When this topic matters
The "read or not read script" debate is as old as phone sales. But it is usually framed wrong.
It is not about having or not having a script. It is about how to use it — as support or as a brake.
What happens in practice
Operators who read scripts literally sound unnatural. But operators without any structure often wander and lose control of the call.
Best operators have the script "in their head" — they understand the structure, know key points, but formulate in their own words.
Why it fails
Script fails when it is too long, too complicated, or when operator does not understand its logic.
Conversation without structure fails when operator has no clear goal, does not know how to respond to objections, or forgets key information.
How to think about it
Instead of "script vs conversation" think about three levels: 1) Framework (call structure). 2) Key messages (what must be said). 3) Formulation (how to say it).
Framework and key messages should be fixed.
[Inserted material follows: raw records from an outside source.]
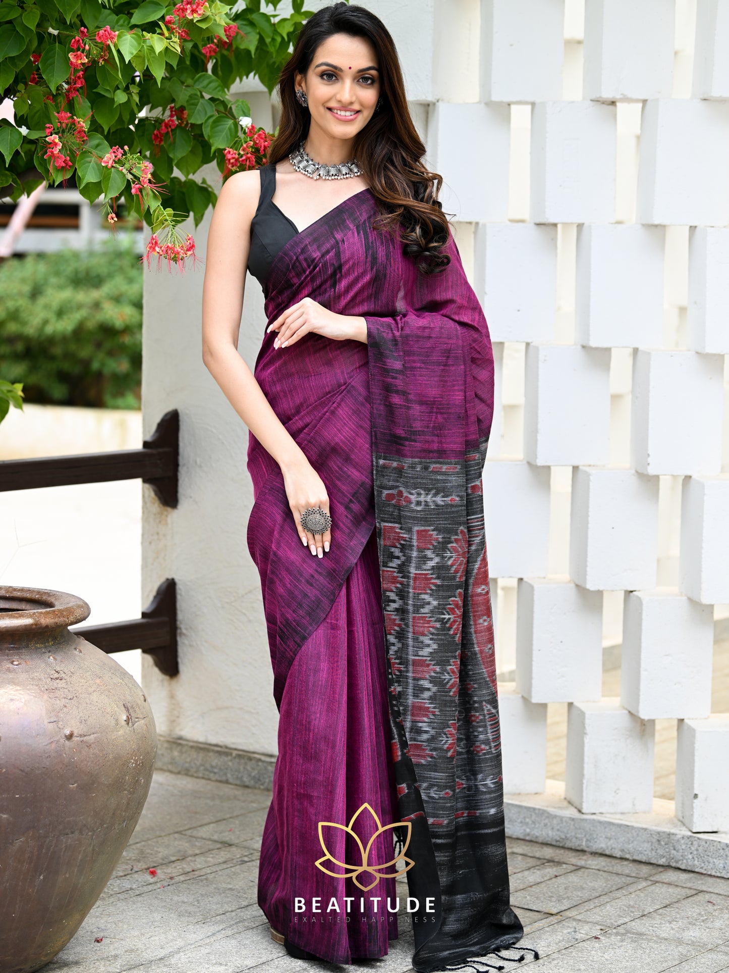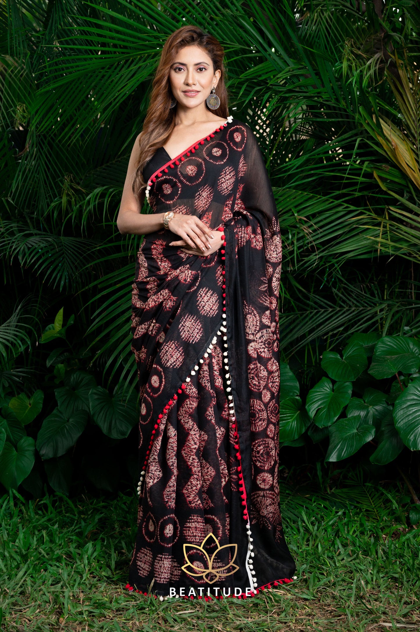 Add Black Printed Pom Pom Blended Mulmul Cotton Saree to the cart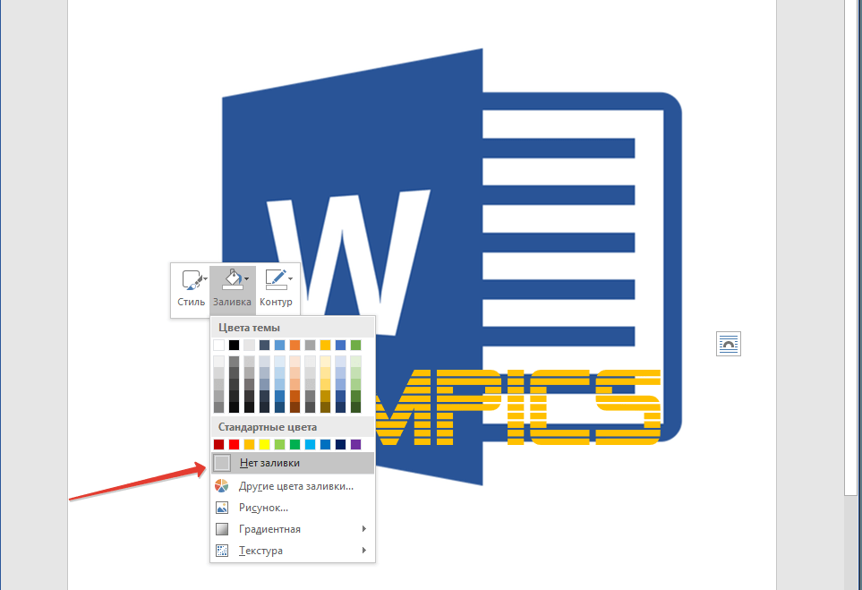 - Совет: Если текстовое поле отображается в виде надписи на белом фоне, перекрывая таким образом изображение, кликните по его краю правой кнопкой мышки и в разделе “Заливка” выберите пункт “Нет заливки”.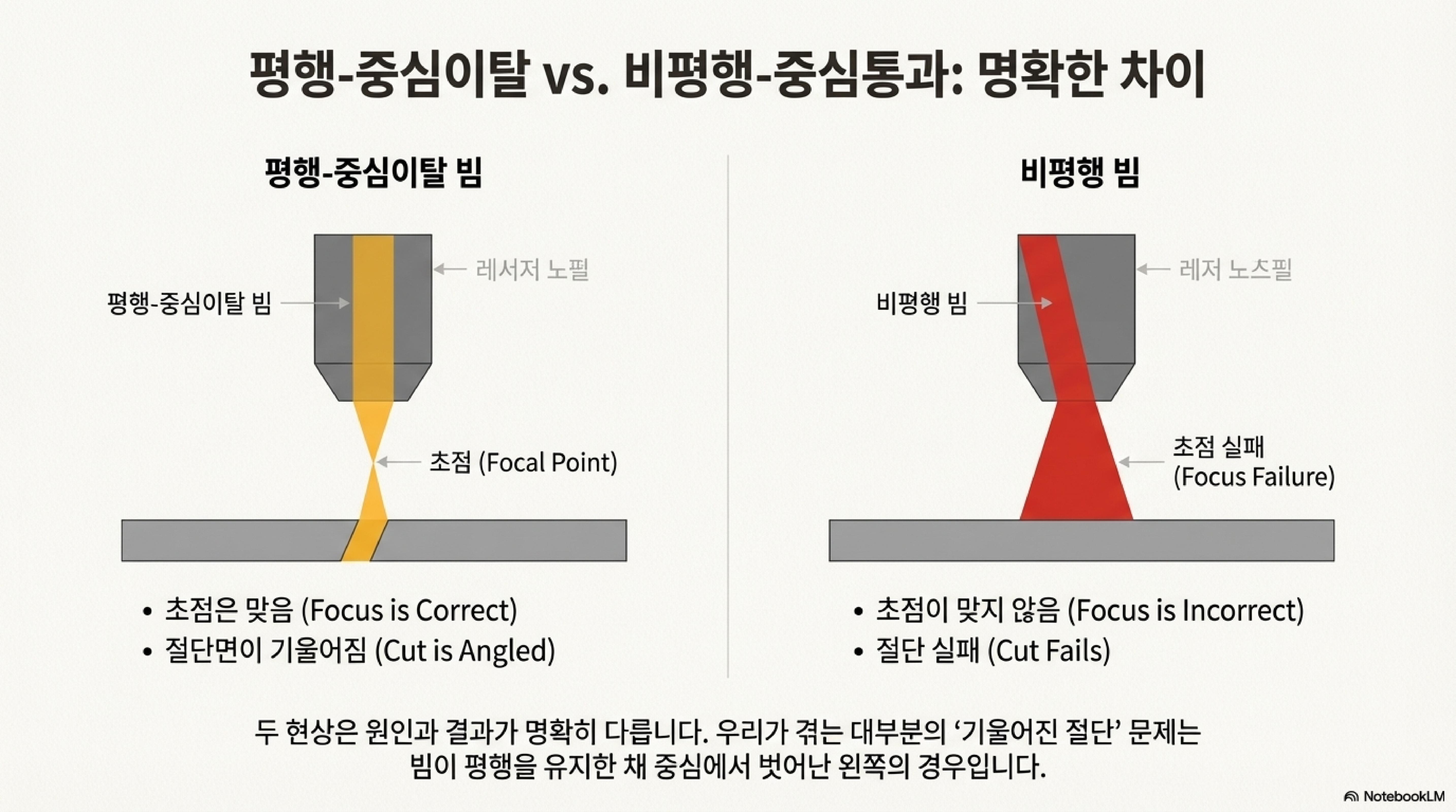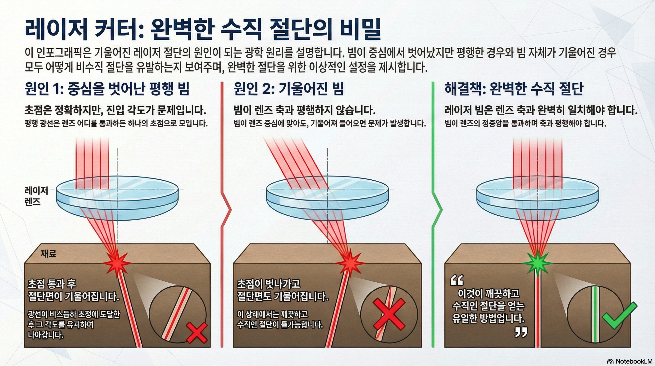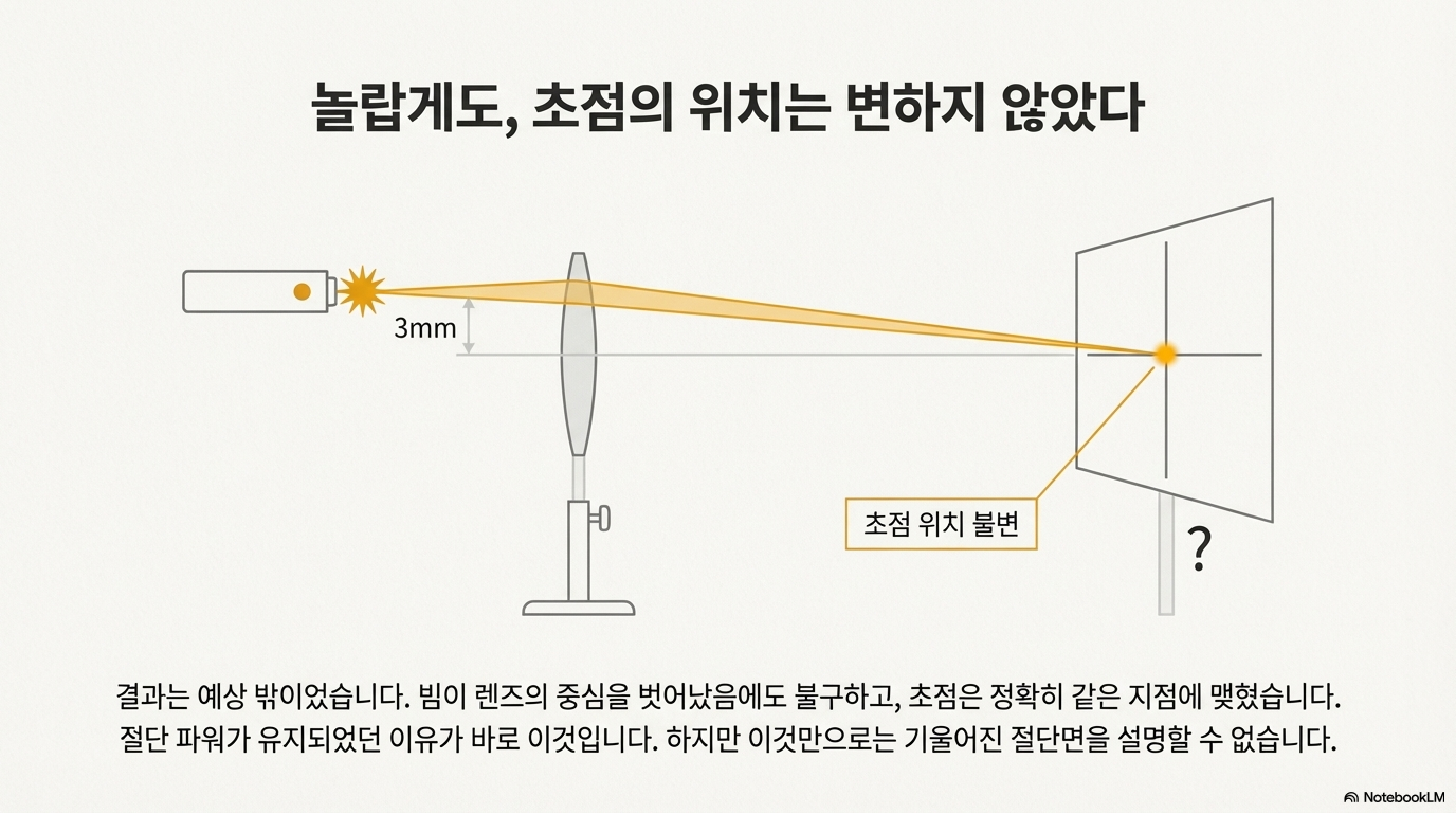 이 실험은 빔의 '평행성'이 얼마나 중요한지를 명확히 보여줍니다. 빔이 렌즈 축과 평행하지 않으면, 초점 자체가 엉뚱한 곳에 맺히게 되어 제대로 된 절삭이 불가능해집니다. 미스터리를 푸는 과정에서 우리는 빔의 평행성이 초점의 위치를 결정하고, 빔의 중심점이 절단의 각도를 결정한다는 사실을 분리해서 이해하게 된 것입니다.

Formulation should be flexible — adapted to the person on the other side.
What you gain and what you lose
Strict script: consistency, easier training, but lower authenticity and worse adaptation.
Free conversation: authenticity, adaptation, but higher demands on operator and risk of inconsistency.
When to use what
Strict script: new operators, compliance-sensitive segments, simple transactions.
Looser framework: experienced operators, complex B2B, segments requiring personalization.
It is not about script yes/no. It is about three levels: call structure, key messages, and formulation. First two fixed, third flexible.